The sale of BPCL will fetch about Rs 60,000 crore government, the market experts estimate. "But the other disinvestments may not be able to attract high prices," an expert said. Another mode of fund-raise that the government considers are monetisation of assets such as power transmission lines, real estate around big railway stations, golf courses and stadiums and 10,000-km road. The Finance Minister proposed to monetise at least twelve lots of highway bundles of over 6,000 km before 2024.
However, the industry leaders are not optimistic about the disinvestment and asset sale plan of the government as fetching the right price could be difficult in the current turbulent market. The sources say that the government may rope in cash-rich PSUs to buy the assets as it had asked ONGC to buy the government's stake in HPCL to achieve the disinvestment target in 2017/18.

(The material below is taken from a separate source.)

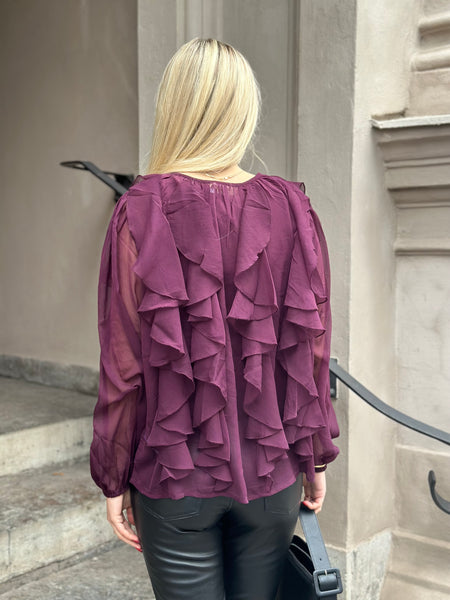 En magisk blus i ett tunt material som är lite genomskinligt. Med flera volangränder runt om på blusen som ger en extra detalj. Har en öppning framtill med en knapp. Normal i storleken. Ella bär storlek XS.

The government fears a deficit of nearly Rs 40,000 crore in the GST collections as compared to what it had budgeted for 2019/20. The centre had reportedly informed the GST Council about the likely shortfall, which may put stress on states' compensation. With tax revenue growth remaining tepid, the divestment and non-core asset monetisation may remain inadequate to contain fiscal deficit at 3.3 per cent of gross domestic product (GDP) in 2019/20.
The government has already laid out a plan for the strategic sale of loss-making companies such as Scooters India, Bharat Pumps & Compressors, Project & Development India, Hindustan Prefab, Hindustan Newsprint, Bridge & Roof Co and Hindustan Fluorocarbons. But, they are difficult to attract investors. The reports said that Niti Aayog had identified around 50 assets including NTPC's Badarpur plant, which is closed and has about 400 acres of land. The brownfield plants of SAIL and some of the assets of Cement Corporation of India and Bharat Earth Movers may be used as the non-core assets for the monetisation programme.